Coursera Deep Learning Specialization

Self-study
Published

March 17, 2023

Study questions

  • How to input images of different dimensions in a neural net?
  • I don’t quite understand yet how convolutions finally integrate more than just local information. In my understanding this can only happen efficiently in the fully connected layers then?
  • Understand cost function and understand the derivatives
  • Keras works with float32 (single float) - double is never used?
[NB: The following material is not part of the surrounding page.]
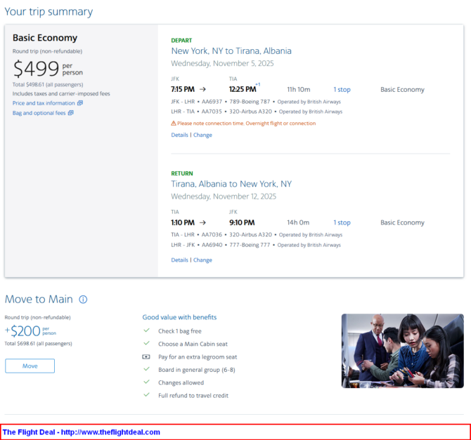 JFK – LHR (London) – TIA (Tirana) – LHR – JFK

Single is sufficient?
  • Read a little about Boltzmann machines

Course 2, Week 2

Mini-batch Gradient Descent

  • how do I controll this in Keras / PyTorch / whatever?
  • mini batch size = 1 -> stochastic gradient descent
  • mini batch size power of 2

Exponentially moving averages:

\[V_t = \beta V_{t-1} + (1 - \beta) \theta_t\] * this corresponds approximately to averaging over \(\frac{1}{1-\beta}\) entries

Gradient descent with momentum

  • gradients with exponentially moving average
  • if learning rate too large risk of diverging
  • local minima are not the main problem - the problem are saddle points!
  • ball on a hill: velocity is stored in the average, new gradient is the acceleration
  • \(\beta = 0.9\) averaging over approx. the last 10 iterations
  • Update rule: \[ V_{dw} = \beta V_{dw} + (1-\beta) dW\]
  • often approximated by: \[ V_{dw} = \beta V_{dw} + dW\]
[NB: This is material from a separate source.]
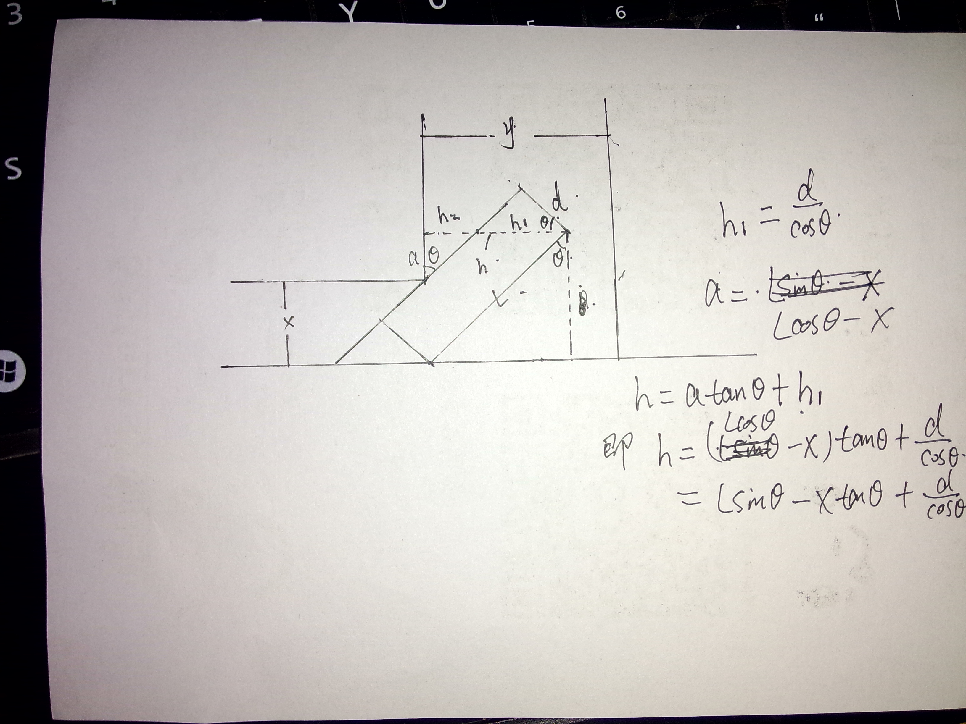 即变相的求函数h=l*sin(a)-x*tan(a)+d/cos(a)的最大值,显然用三分法!

Root Mean Square Propagation

  • dW is small, db is large (is this true?), here we call the hyperparameter \(\beta_2\), also \(\epsilon = 10^{-8}\) \[ S_{dW} := \beta S_{dW} + (1 - \beta) dW^2\] \[ W := W - \alpha \frac{dW}{\sqrt{S_{dW}} + \epsilon}\] \[ S_{db} := \beta S_{db} + (1 - \beta) db^2\] \[ W := W - \alpha \frac{db}{\sqrt{S_{db}} + \epsilon}\]

Adaptive moment estimation optimization algorithm (Adam)

Initiliazation: \(V_{dW} = 0\), \(S_{dW} = 0\), \(V_{db} = 0\), \(S_{db} = 0\), \[ V_{dW} = \beta_1 V_{dW} + (1 - \beta_1) dW\] \[ V_{db} = \beta_1 V_{db} + (1 - \beta_1) db\] \[ S_{dW} = \beta_2 S_{dW} + (1 - beta_2) dW^2\] \[ S_{db} = \beta_2 S_{db} + (1 - beta_2) db^2\] Typically implemented with bias correction \[ V_{dW}^{corrected} = V_{dW} / (1 - \beta_1 ^ t)\] \[ V_{db}^{corrected} = V_{db} / (1 - \beta_1 ^ t)\] \[ S_{dW}^{corrected} = S_{dW} / (1 - \beta_2 ^ t)\] \[ S_{db}^{corrected} = S_{db} / (1 - \beta_2 ^ t)\] Update rule: \(w := w - \alpha \frac{V_{dW}^{corrected}}{\sqrt{S^{corrected}_{dW}} + \epsilon}\) \(b := b - \alpha \frac{V_{db}^{corrected}}{\sqrt{S^{corrected}_{db}} + \epsilon}\) Hyperparameters:

  • \(\alpha\) needs to be tuned
  • \(\beta_1\): usually 0.9
  • \(\beta_2\): usually 0.999
  • $ $:usually \(10e-8\)

Learning rate decay

\[ \alpha = 1 / (1 + {decayrate} \times {epochnumber}) \alpha_0\]

Softmax activation function

\[ a_i = \frac{\exp{z_i}}{\sum_{j=1}^{n}{\exp{z_j}}}\]

Softmax regression

  • generalization of logistic regression to \(n\) classes
  • Likelihood: \[ L(\hat{y}, y) = - \sum^C_{j = 1} y_j log \hat{y_j} \]

Course 3, Week 2

  • Avoidable bias: discrepancy between Bayes’ error and training error

Bias and variance with mismatched data distrubtions

  • potential help: add a Training-dev set
  • training error, training-dev error, dev error
  • data mismatch problem
  • Data augmentation: when sampling only a small subset of all possible examples overfitting may occur (e. g. cars in a video game)
  • Transfer learning: example image recognition
    • train network to a lot of images
    • now x-rays: delete weights of the last layer of the network and retrain them (a few x-rays available for training) or all parameters of the network (a lot of x-rays available for training)
  • Multitask learning - output vector, doesn’t have to be fully labeled
  • Transfer learning currently learned more frequently than multitask learning
  • Multitask learning: each class should have similar number of items

Course 4

  • strided and padded convolution
  • cross-correlation (without flipping) vs. convolution (flipping around vertical and horizontal axis) - in ML, cross-correlation is by convention also called convolution
  • convolutions over volumes (\(n_c\) = number of channels) \[ n \times n \times n_c * f \times f \times n_c \rightarrow (n - f + 1) * (n - f + 1) * n_c^{prime}\]
  • prime means in the next layer

Pooling

  • max pooling: only hyperparameters stride, padding (usually zero) and f
  • average pooling: rarely used, very sometimes for example to collapse spatial dimension (e.g. 7x7 with 1000 channels to 1x1 with 1000 channels)
  • no parameters to learn